** Work request **
Restate word for word the lines in the listing below, starting at the line containing "Вишивані мрії Емми" and ending at the line containing "7. Connect spare", both included; leave out the rest.
──────── Raw data
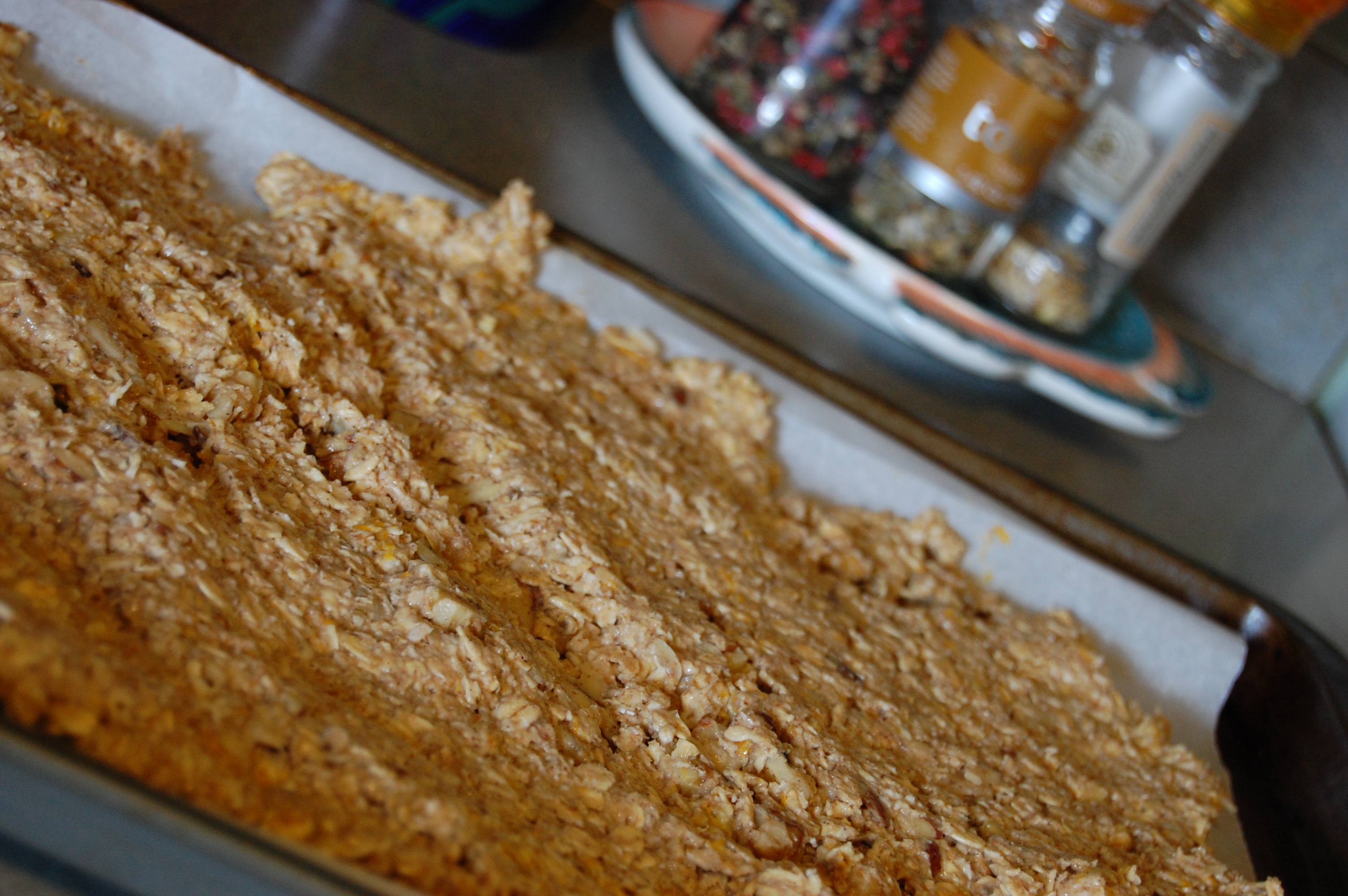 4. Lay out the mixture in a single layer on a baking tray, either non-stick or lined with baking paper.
────────────────
──────── Raw data
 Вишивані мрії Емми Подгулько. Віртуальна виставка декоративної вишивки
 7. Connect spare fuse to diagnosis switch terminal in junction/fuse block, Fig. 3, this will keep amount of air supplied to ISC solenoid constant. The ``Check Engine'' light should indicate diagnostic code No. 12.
────────────────
──────── Raw data
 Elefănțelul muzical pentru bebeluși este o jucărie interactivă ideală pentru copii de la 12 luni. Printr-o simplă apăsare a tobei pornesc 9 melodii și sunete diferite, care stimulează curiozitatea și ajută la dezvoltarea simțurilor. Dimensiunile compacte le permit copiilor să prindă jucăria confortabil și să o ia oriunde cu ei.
────────────────
** Exercise result **
 Вишивані мрії Емми Подгулько. Віртуальна виставка декоративної вишивки
 7. Connect spare fuse to diagnosis switch terminal in junction/fuse block, Fig. 3, this will keep amount of air supplied to ISC solenoid constant. The ``Check Engine'' light should indicate diagnostic code No. 12.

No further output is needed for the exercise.